The increased access to images and trends in photo manipulation provide a timely opportunity to revisit the issues of historical reliability in sourcing photographs.  While current K-16 students are inundated with images in their daily lives, it is not clear how effective they are at “reading” images (Werner, 2002; Wineburg, 1991).  How then can educators approach the daunting task of providing students with the cognitive tools to effectively make sense of images?  Below three theoretical contexts are reviewed for image use in social studies and history.

Reading Images in Social Studies Classrooms

Werner (2002) provided a framework to develop pedagogical approaches to support image-related work with preservice teachers and students, stressing the importance of teaching students to “read” images.  He argues that students must be provided the authority, capacity, and community in which they can “make meaning [of images] by understanding how the parts (e.g. symbols, conventions, context) are related to the whole (e.g. message)” (p. 403).  Werner differentiates between “closed” and “open” texts – essentially defining the degree to which the reader is left to interpret the meaning of a message.  In order for students to effectively make meaning from “open” texts, the teacher must provide them with the opportunity and capacity to do so, encouraging multiple readings and interpretations of images.  He identifies seven types of strategies employed in reading visual texts:

  1. Instrumental – viewing texts as a source of information
  2. Narrative – focusing on the implied storyline of a text
  3. Iconic – identifying the broader issues and values the text represents
  4. Editorial – inferring the artist’s judgment towards a topic
  5. Indicative – inferring the implied social conditions demonstrated by the image
  6. Oppositional – critiquing the implied storyline and position of the viewer
  7. Reflexive – self-evaluating one’s interpretation and response to an image

As one moves down through the framework, the viewer has increased agency in reading the visual text and requires increasingly complex heuristics to effectively read the image.  Finally, Werner stressed the importance of fostering a safe, open community in which students feel comfortable to offer and critique multiple readings of images.  These skills are not easy or natural; teachers must nurture students in this pursuit.

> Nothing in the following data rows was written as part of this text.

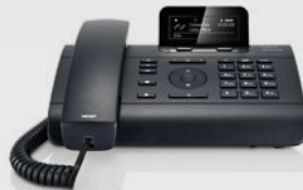
Gigaset DE310IP PRO

De volgende Gigaset pro IP-bureautelefoons zijn beschikbaar voor directe aansluiting op de Hybird 120: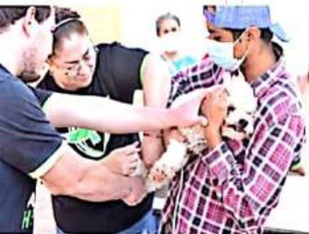
ZAMORA, MICH.- Debido a la buena respuesta de la población, serán instalados puntos fijos a partir del día 26 de septiembre.

Indicó que uno de los requisitos para que el biológico pueda ser aplicado, la mascota debe tener más de un mes de nacido, además de que debe contar con una buena condición de salud y señaló que en el caso de las hembras que estén amamantando o se encuentren embarazadas también son candidatas para la vacunación.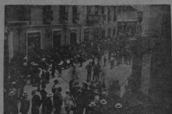
Concurrencia en la calle frente al Palacio Nacional al inaugurar antier sus sesiones el Congreso Constitucional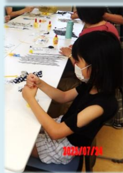
趣味の講座 藍染め、陶芸、ネックレス作り 寄せ植え教室を実施

令和7年度は、6月の「人権講演会」を皮切りに、様々な講座、また、まちづくり協議会の事業等を実施しました。その一部をご紹介します。講師の皆様、お手伝いいただいた方、そして参加していただいた皆さん、本当にありがとうございました。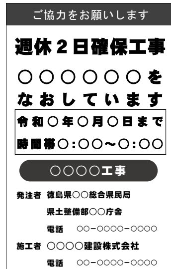
(標示板記載例) 月単位の場合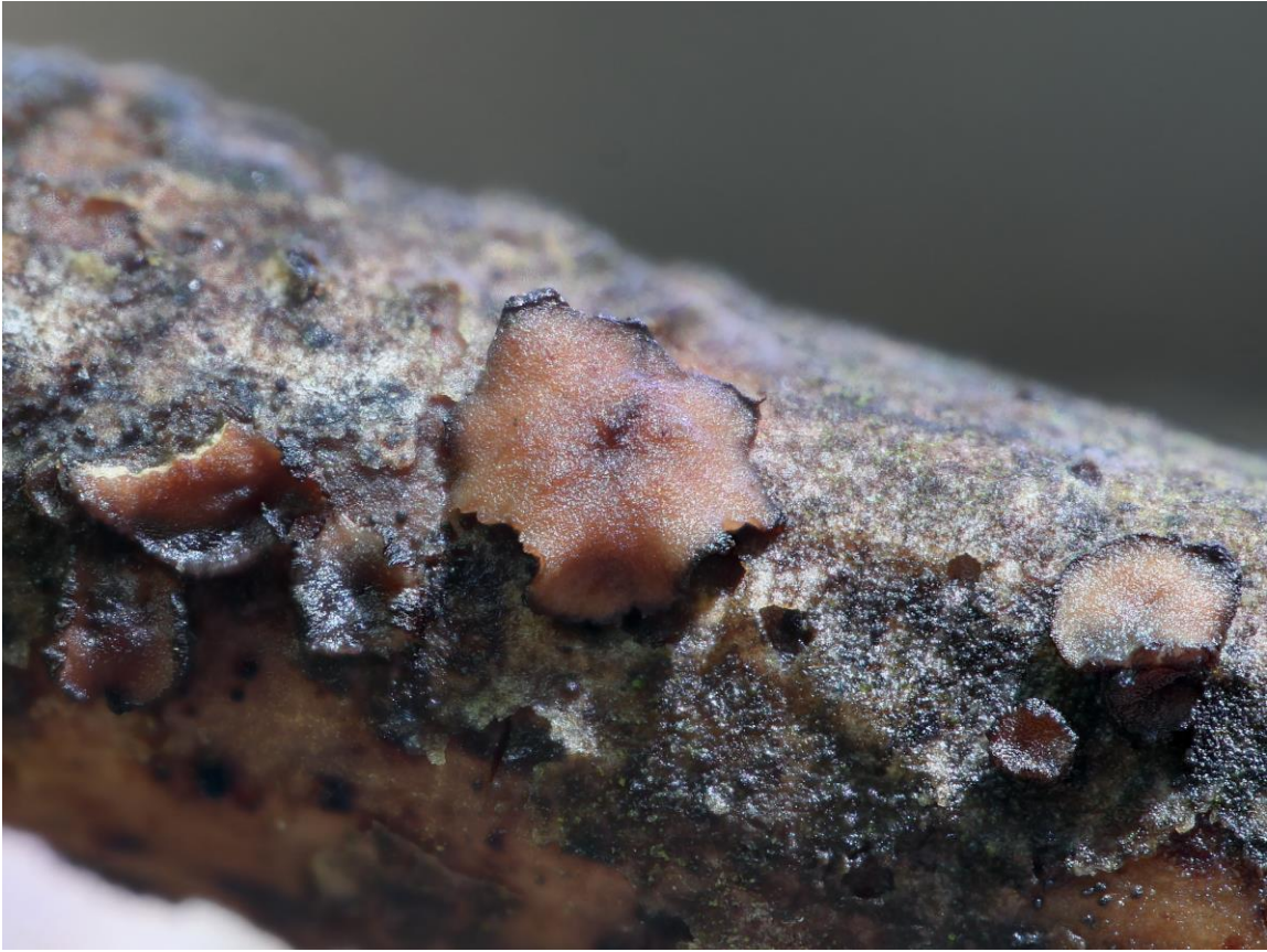
Rutstroemia punicae B. Perić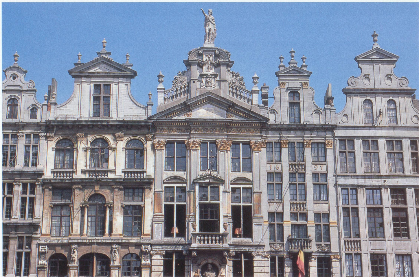
Les maisons de la Grand-Place de Bruxelles présentent des façades à l'architecture somptueuse.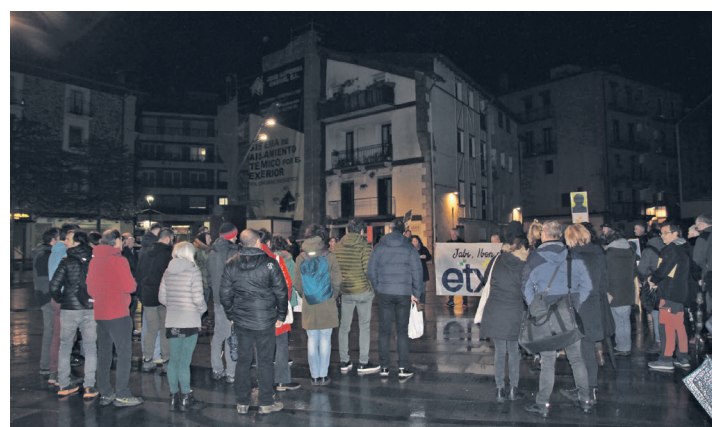
Okendo plazan irakurri zuten manifestua.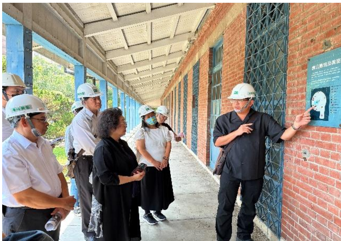
原海軍總司令部情報處拘留所（海軍明德訓練班）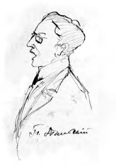
П. Пильский. Рис. С. Кесельмана

с Леонидом Баткисом и Владимиром Овчаренко, бывшим одноклассником Кесельмана. Скорее всего, он и пригласил Кесельмана участвовать в сборнике. «Солнечный путь» отпечатан изящно, на хорошей бумаге, обложка украшена рисунком художника М. Гершенфельда. Но сборник отличается крайней эклектичностью, погоней за «знаменитостями» любых направлений. Представлены 27 авторов: случайные столичные (К. Бальмонт, С. Городецкий, Г. Иванов, Н. Клюев), а также одесские поэты — разных поколений (от А. Федорова до А. Биска), разного дарования, просто дилетанты. В резко отрицательном отзыве Г. Цагарели на сборник «Солнечный путь» похвалы удостоились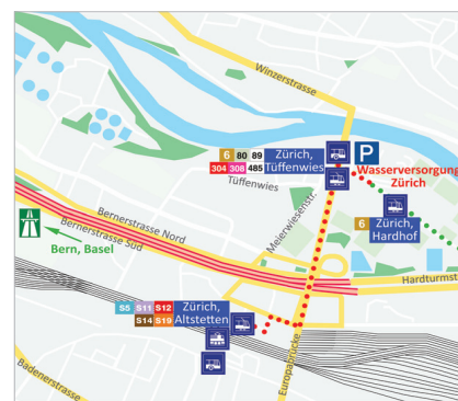
Situationsplan Wasserversorgung Zürich

Anreise mit ÖV Von Zürich HB mit Tram Nr. 6 Richtung «Werdhölzli» bis Haltestelle «Tüffenwies»; vom Bahnhof Altstetten mit Bus Nr. 80 Richtung «Bahnhof Oerlikon Nord» oder Nr. 89 Richtung «Heizenholz» bis «Tüffenwies».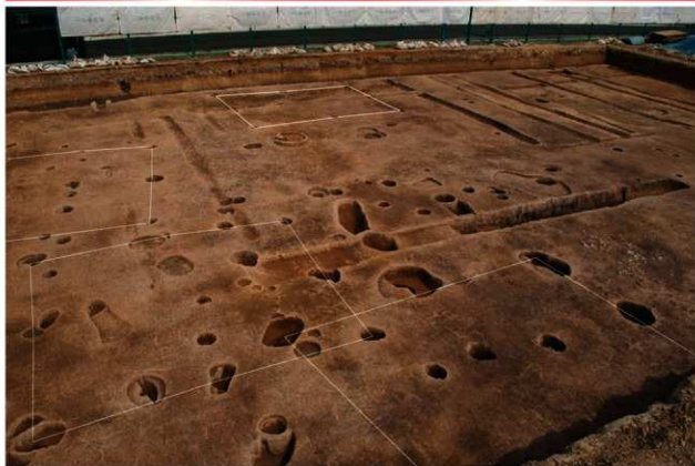
平安時代の建物跡(北西から)

平成24年(2012)4月から7月に池内遺跡の範囲内にある天美東5丁目の市営天美団地跡地で発掘調査を行いました。調査では、平安時代と弥生時代〜古墳時代の生活面を見つけることができました。

While Werner provided strategies for students to read images, Hobbs (1998) offered another approach by challenging students to produce media and engage in the editorial choices that professional producers and journalists make. In this process, students recognize that images and other media have a point of view. In the study of media literacy, Hobbs (1998) outlined five basic concepts about media messages that form the foundation for developing skills, applications, and understanding:

  1. All messages are constructions.
  2. Messages are not representations of social reality.
  3. Individuals negotiate meaning by interacting with messages.
  4. Messages have economic, political, social and aesthetic purposes.
  5. Each form of communication has unique characteristics.

In producing media, students not only learn these basic concepts, but apply them in creative and deliberate ways.

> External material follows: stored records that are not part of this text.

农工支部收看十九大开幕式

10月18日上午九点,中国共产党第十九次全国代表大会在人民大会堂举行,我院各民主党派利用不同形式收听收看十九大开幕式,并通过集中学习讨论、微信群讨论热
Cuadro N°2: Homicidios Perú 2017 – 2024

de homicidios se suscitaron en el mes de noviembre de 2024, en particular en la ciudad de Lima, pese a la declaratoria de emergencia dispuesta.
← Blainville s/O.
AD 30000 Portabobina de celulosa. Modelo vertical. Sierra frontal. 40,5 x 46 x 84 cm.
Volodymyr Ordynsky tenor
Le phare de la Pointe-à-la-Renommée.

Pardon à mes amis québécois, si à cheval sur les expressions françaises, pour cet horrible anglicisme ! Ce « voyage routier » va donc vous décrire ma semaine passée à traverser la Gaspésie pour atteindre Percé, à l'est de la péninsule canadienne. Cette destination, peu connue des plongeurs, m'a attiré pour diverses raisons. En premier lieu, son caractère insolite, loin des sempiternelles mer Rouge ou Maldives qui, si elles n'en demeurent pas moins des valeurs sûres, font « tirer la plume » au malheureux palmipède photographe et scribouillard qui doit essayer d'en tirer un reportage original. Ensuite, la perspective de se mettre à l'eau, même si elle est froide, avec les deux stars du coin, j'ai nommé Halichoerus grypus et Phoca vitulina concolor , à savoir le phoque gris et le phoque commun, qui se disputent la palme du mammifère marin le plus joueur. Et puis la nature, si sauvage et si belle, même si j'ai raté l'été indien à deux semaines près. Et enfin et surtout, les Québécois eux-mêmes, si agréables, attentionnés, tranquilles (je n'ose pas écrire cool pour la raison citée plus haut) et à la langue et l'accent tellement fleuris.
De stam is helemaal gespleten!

Use Images for Historical Inquiry

In history education, Wineburg (1991) elucidated the difficulty that even high achieving students face when confronted with “doing history” (Levstik & Barton, 2001). By comparing the analytical processes used to work with primary source historical documents employed by high school students and trained historians, Wineburg identified three heuristics in which students lagged far behind the professional historians: corroboration, sourcing, and contextualization.  These three skills are fundamental in the reading of visual as well as expository texts.  Perhaps most interesting, the students were far less deliberate and facile in employing these skills with the three pictorial documents in the study than with the eight written documents.  He noted that, contrary to problem solving in other disciplines, there are not universal strategic schemas that can be applied to historical problems.  Rather, the “expertise [of the historians] seemed to rest less on bringing the right problem schema to the task and more on constructing a context-specific schema to this specific event” (p. 83).

Wineburg’s findings suggest that analyzing images requires more than just applying a set of general questions.  Instead, many analytical techniques must be utilized, all while keeping the historical context in clear view.   Because of the challenging nature of this kind of work, scholars in communication theory increasingly assert the importance of the explicit teaching of visual literacy in understanding the language of images (Messaris, 1994).  Just as the reader must consider context, point of view, audience, and other keys to understanding textual historical documents, one must view images in much the same way.  Burke (2001) emphasized the importance of identifying and understanding the significance of the contextual clues and details evident in a painting in light of the historical context in which it is created, similar to the conclusions reached by Wineburg (1991). Like analyzing textual documents, the strategies for reading historical and contemporary images do not necessarily develop naturally and must be explicitly taught.

Images and Visual Literacy

Wineburg’s conclusions are echoed in the visual literacy movement, which stresses that nonverbal communication, particularly imagery, should receive increased emphasis in the classroom.  By providing students with opportunities to work with images, they may be better prepared to be critical consumers of the media messages surrounding them (Considine & Haley, 1999; Hyerle, 1996; Messaris, 1998).  Messaris (1998) noted,

Optimistically, it can be argued that, by acquiring visual literacy, people enrich their repertoires of cognitive skills and gain access to powerful new tools of creative thought. More pessimistically, it can be argued that visual literacy is useful primarily for purposes of self-defense, as a knowledge base for resisting or counteracting the baneful influence of mendacious ads, sensationalistic movies, and the like. (p. 70)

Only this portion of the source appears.